We can of course enhance ourselves directly. Current cognition enhancing drugs seem able to improve aspects of memory, attention and alertness, and possibly also affect creativity, emotional bonding or even willpower. These effects have their limits and are probably task-specific: the kind of learning ability that is useful for cramming a textbook might not be useful for learning a practical skill, the narrow attention that is great in the office is dangerous on the road. I believe that by 2024 cognition enhancers will be widespread, but their use will be surrounded by a culture of norms, rules-of-thumb and practical knowledge about what enhancer to take in what situation. Not unlike how we today use and mis-use caffeine and alcohol. If we are clever we can make use of the smart environment to support good decisionmaking about our own bodies and minds.
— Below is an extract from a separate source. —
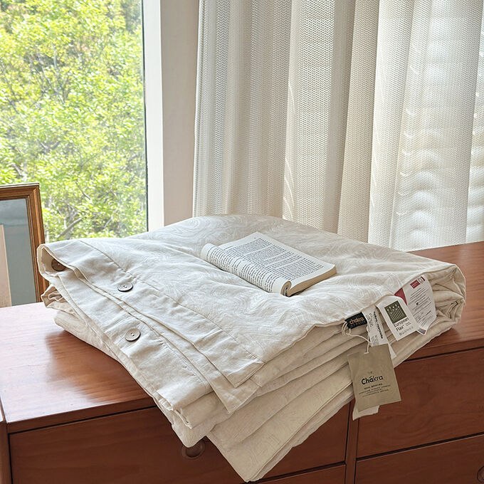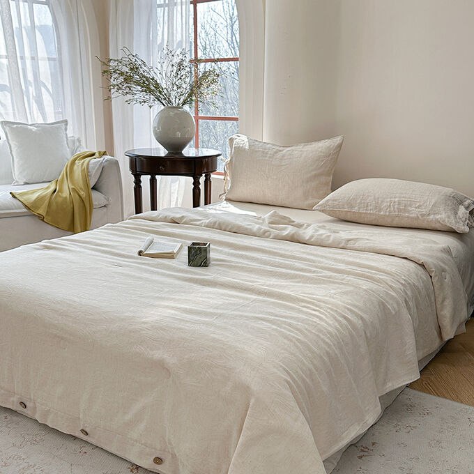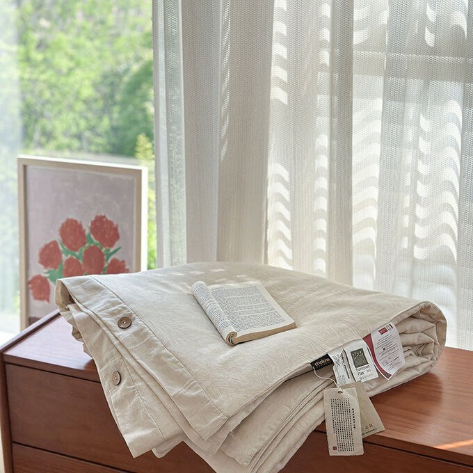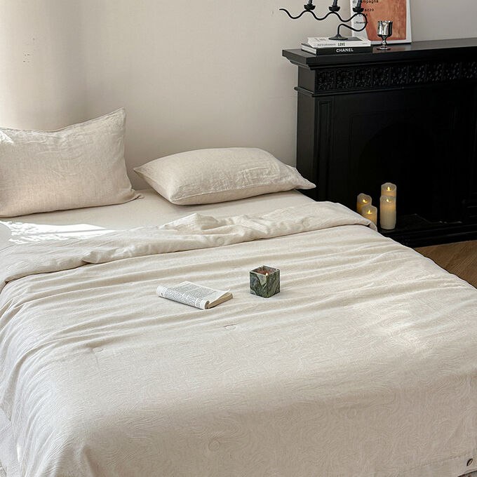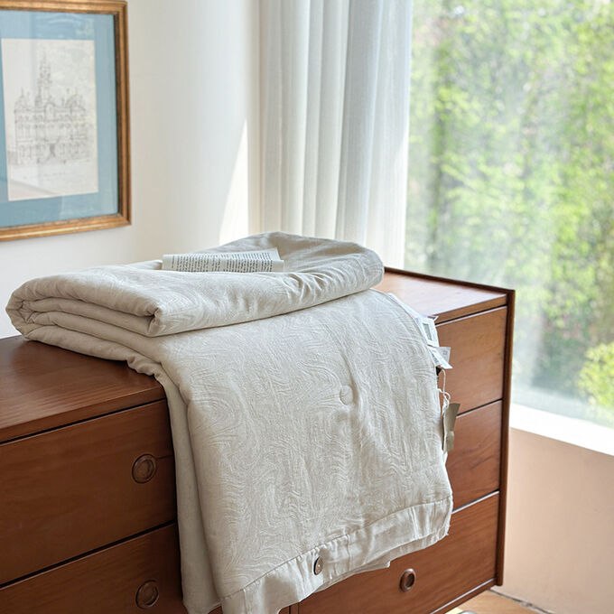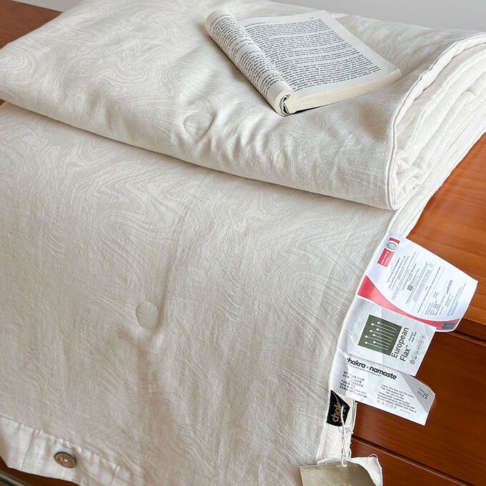 Одеяло жаккардового плетения из японского льна и хлопка-тенселя с пуговицами и наполнителем из соевого волокна.

While brains can be trained (for example by computer games intended to stimulate working memory) we might wish to extend them. We can already make crude neurointerfaces that link brains to computers. It is just that the bandwidth is very small and signals are usually sent one-way. More advanced interfaces are on their way, and by 2024 I expect them to have improved the quality of life of many currently profoundly disabled people enormously. But even if the neurointerfaces are worthwhile for someone lacking limbs or a sense, suffering from paralysis or other brain disorders it does not mean they are worth the cost, risk and effort for healthy people. To be viable a neurointerface has to be as cheap, safe and easy to use as lasik surgery. That will likely take a long while. But once the “killer application” is there (be it obesity or attention control) other applications will follow and before long the neurointerface might become a platform just like the cellphone for various useful and life-transforming applications. I’d rather not be the guinea pig, though.
Since I am blondish I think I am allowed to tell a blonde joke:
- How do you confuse a blonde?
- You put him in a circular room and tell him to sit in the corner.
- How does a blonde confuse you?
- He comes out and says he did it.
Intelligence is surprising. That is the nature of truly intelligent thought: it is not possible to predict without having the same knowledge and mental capacity. Since there are so many different kinds of possible minds and situations we should expect the unexpected. We *know* we are going to be surprised in the future. So we should adapt to it and try to make sure the surprises will be predominantly nice surprises.
A world with thousands or millions of times as much smarts as the present will be very strange. Raw intelligence may prove less important there than other traits, just as physical strength in a mechanized world no longer is essential. Instead soft things like social skills, moral compass, kindness and adaptability may become the truly valued traits.